Requirement -> Give back every line of the data exactly. Pictures are not part of the copy.

Data excerpt ->
:::
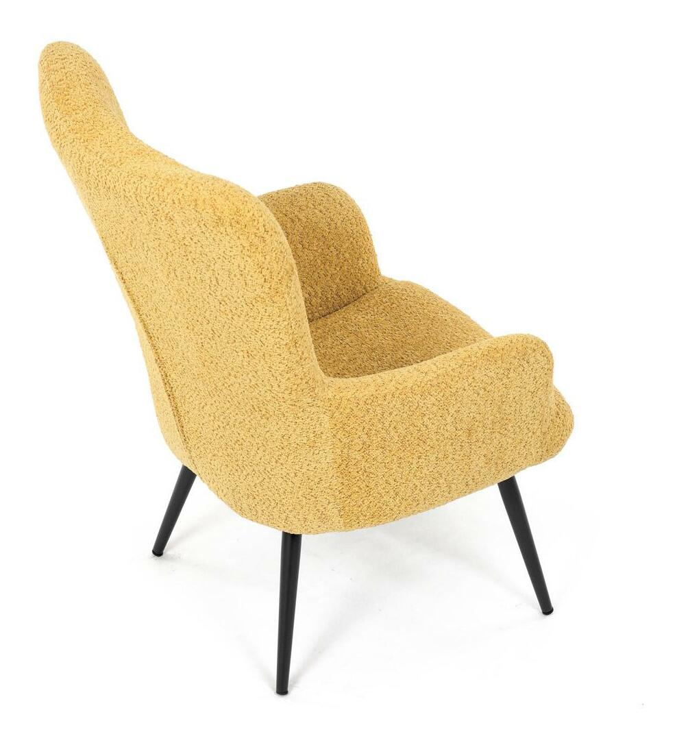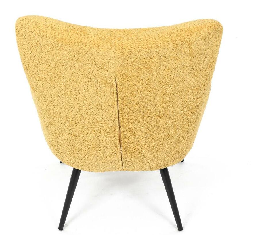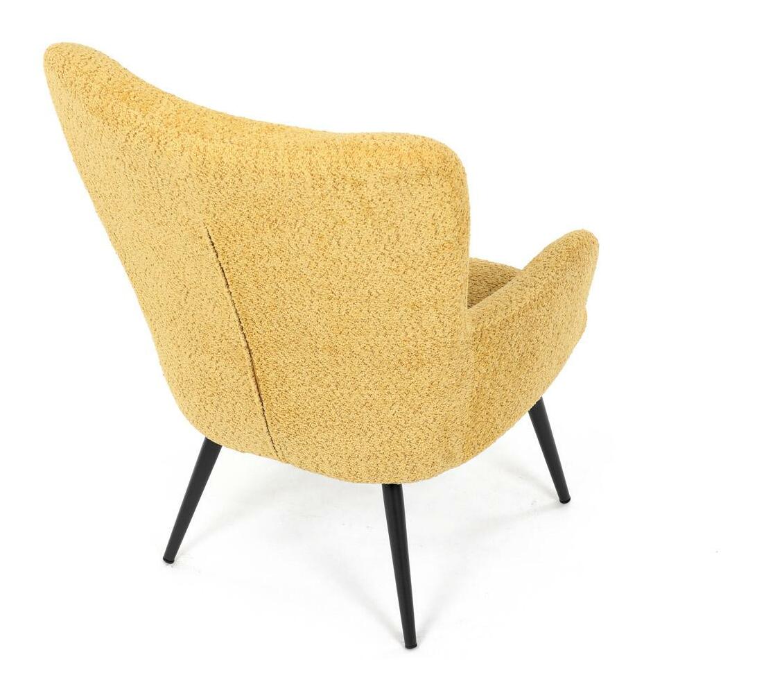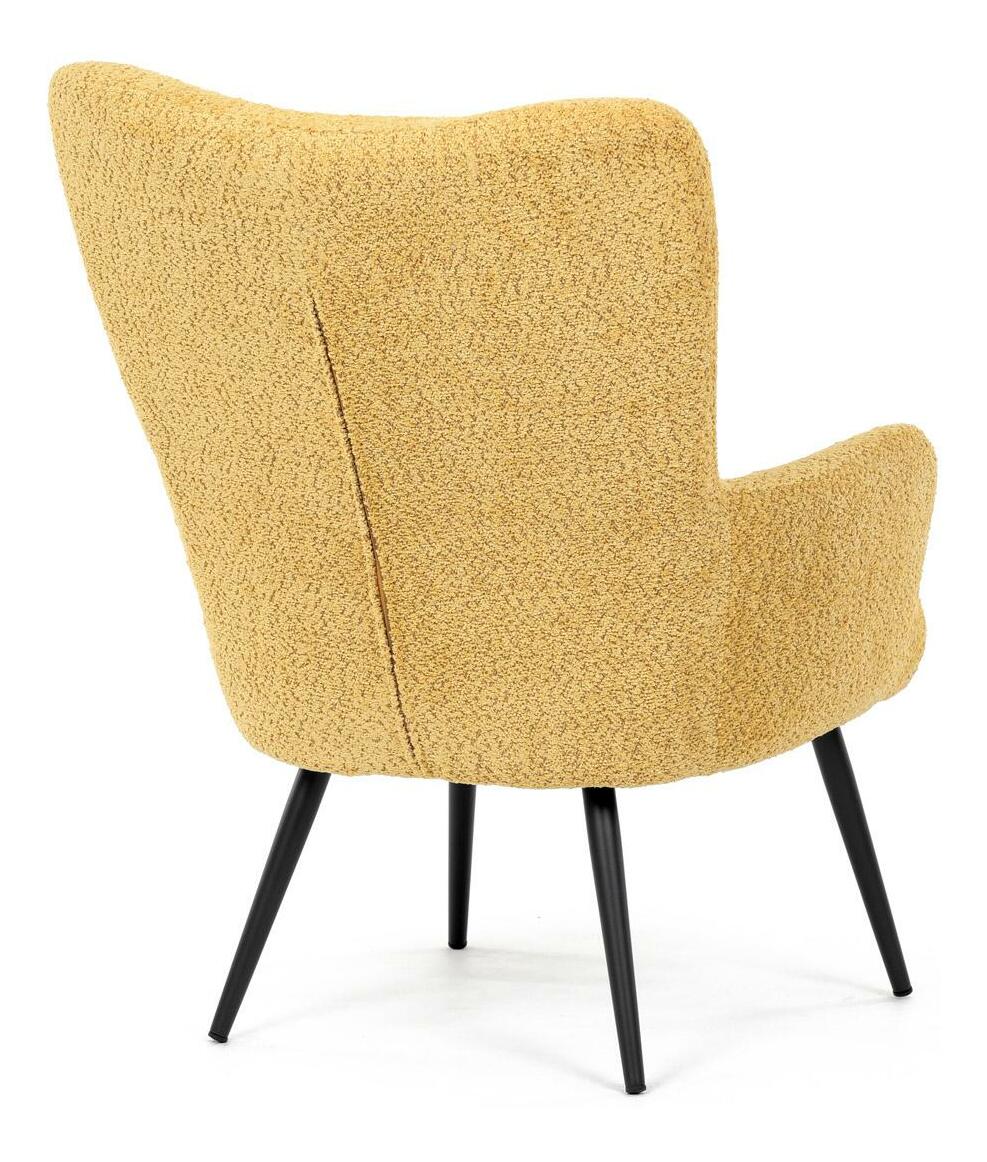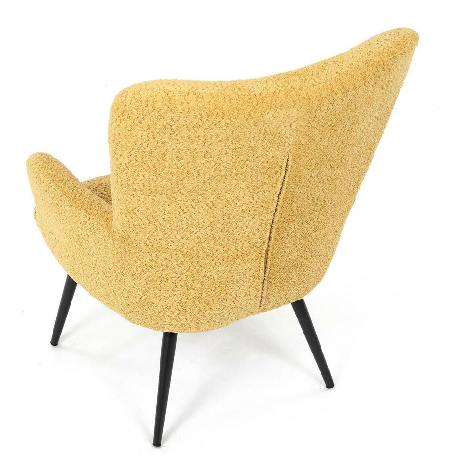 Elegantní křeslo ušák vnese do vašeho obývacího pokoje pohodlí a styl. Žluté čalounění z látky Bouclé působí jemně a moderně, zatímco ergonomicky tvarované područky a opěradlo s jemnými knoflíky zajišťují maximální komfort. Stabilní kovové nohy s černým povrchem dodávají křeslu industriální nádech a zajišťují pevnost i při každodenním používání. Toto křeslo je ideální pro chvíle relaxace s knihou nebo při posezení s přáteli. Díky svému jednoduchému designu snadno zapadne do každého interiéru.
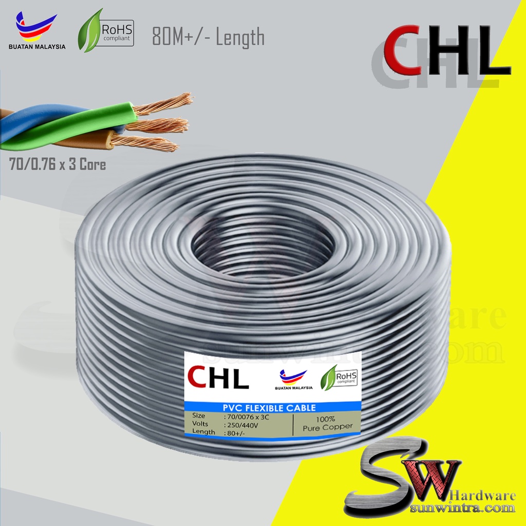 3 Core Flexible Cable | 23/0.16 & 40/0.76 & 70/0.76 Flexible Wire | Wayar Kabel Elektrik Wayar
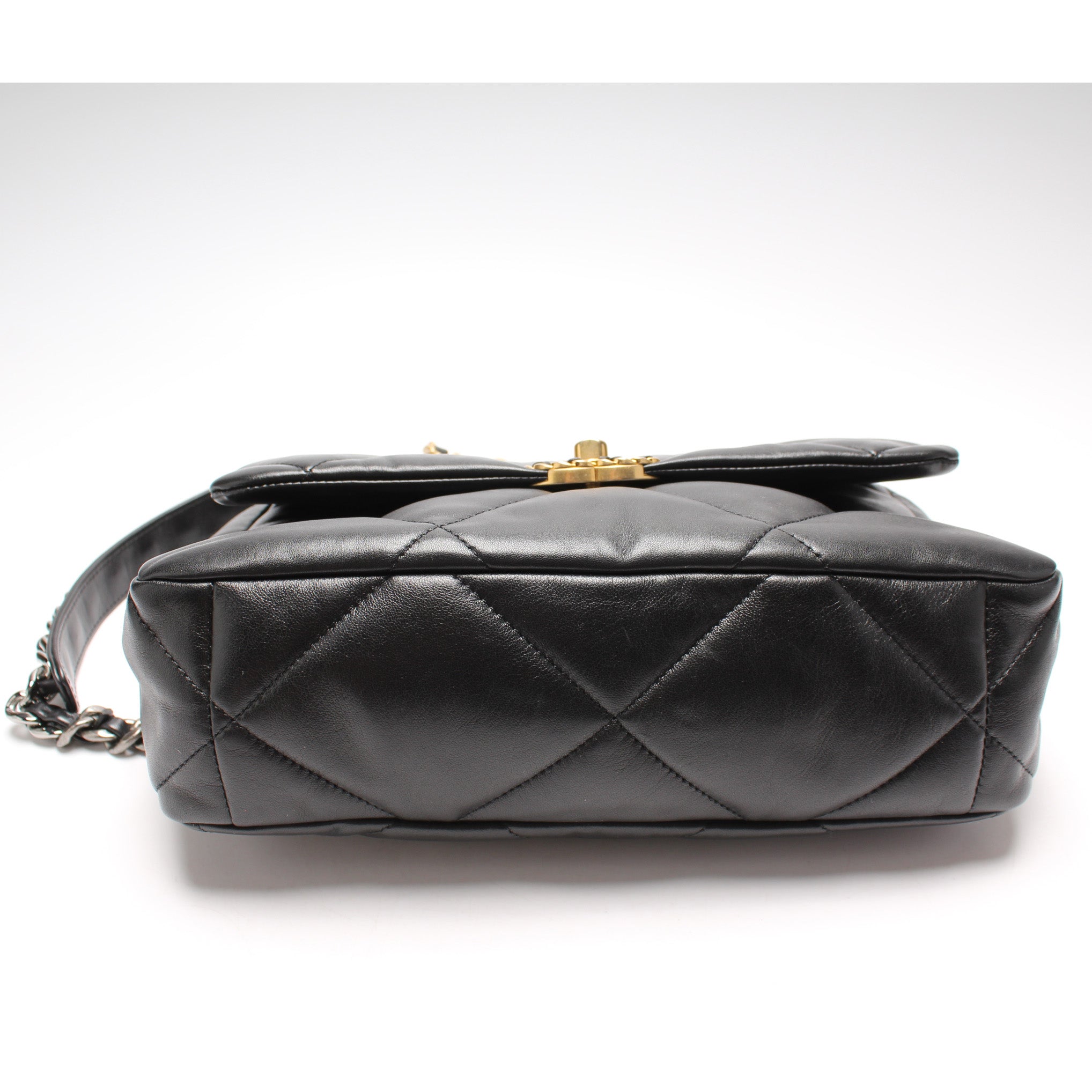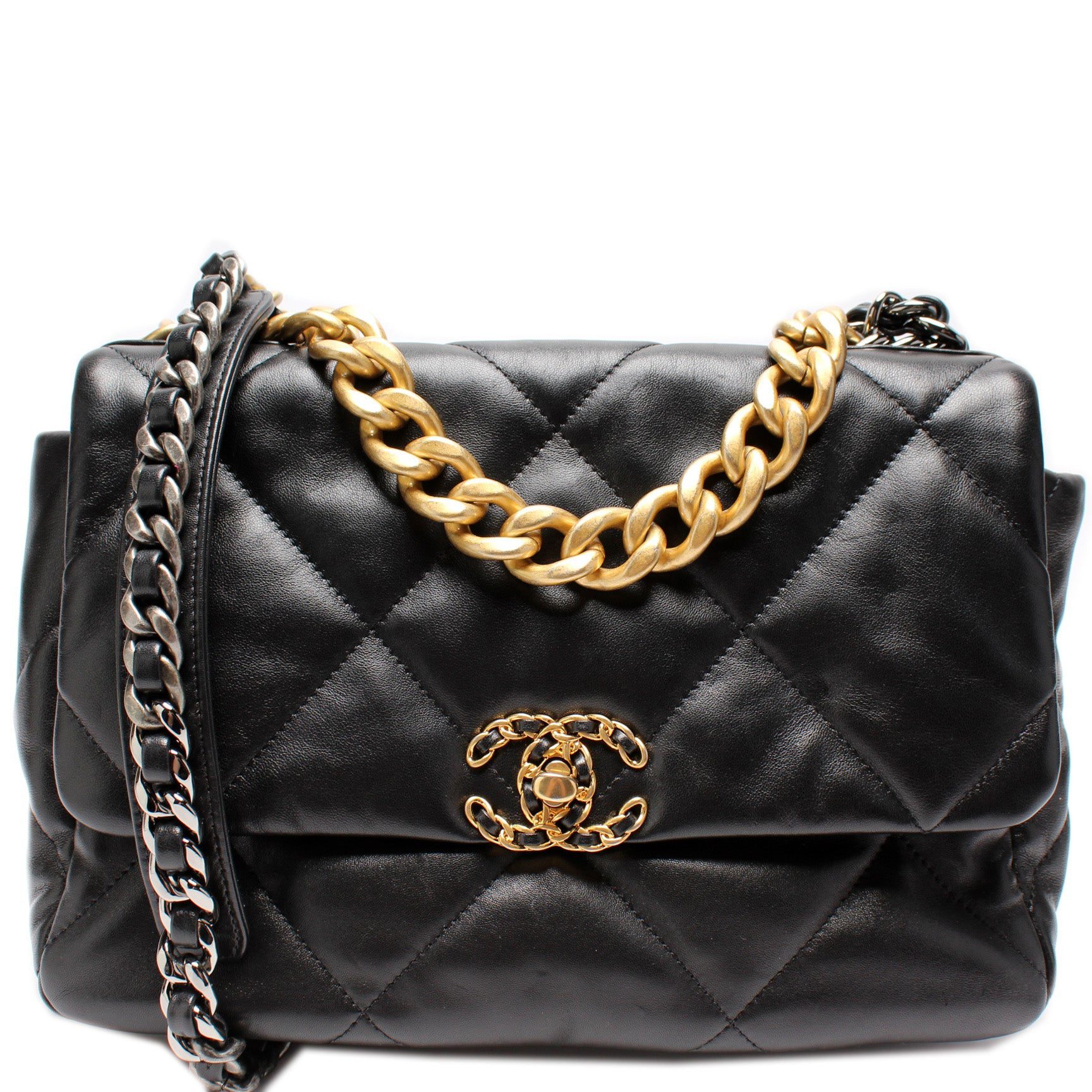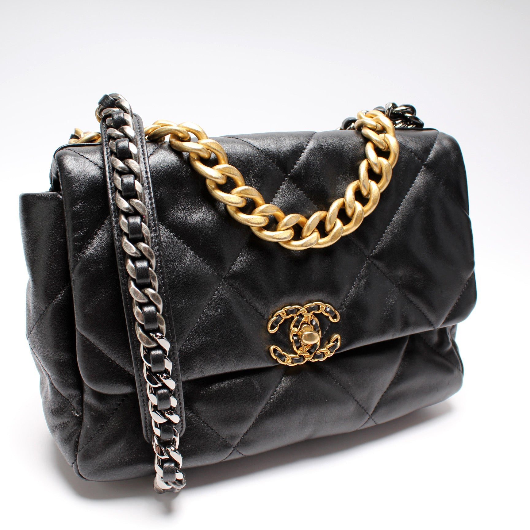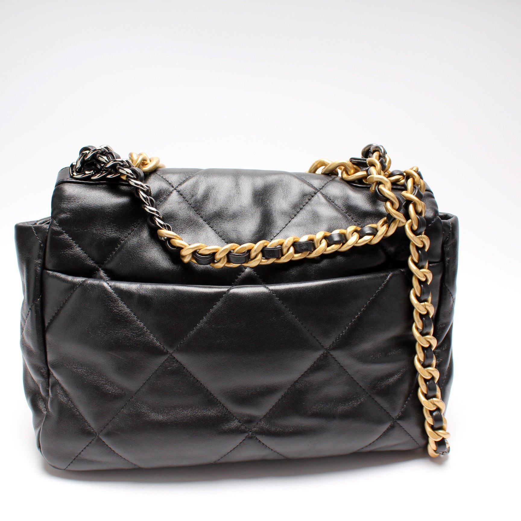 Chanel 19 Large Flap. The exterior is in the classic Chanel Quilted goatskin.Â
:::
Output ->
 Elegantní křeslo ušák vnese do vašeho obývacího pokoje pohodlí a styl. Žluté čalounění z látky Bouclé působí jemně a moderně, zatímco ergonomicky tvarované područky a opěradlo s jemnými knoflíky zajišťují maximální komfort. Stabilní kovové nohy s černým povrchem dodávají křeslu industriální nádech a zajišťují pevnost i při každodenním používání. Toto křeslo je ideální pro chvíle relaxace s knihou nebo při posezení s přáteli. Díky svému jednoduchému designu snadno zapadne do každého interiéru.
 3 Core Flexible Cable | 23/0.16 & 40/0.76 & 70/0.76 Flexible Wire | Wayar Kabel Elektrik Wayar
 Chanel 19 Large Flap. The exterior is in the classic Chanel Quilted goatskin.Â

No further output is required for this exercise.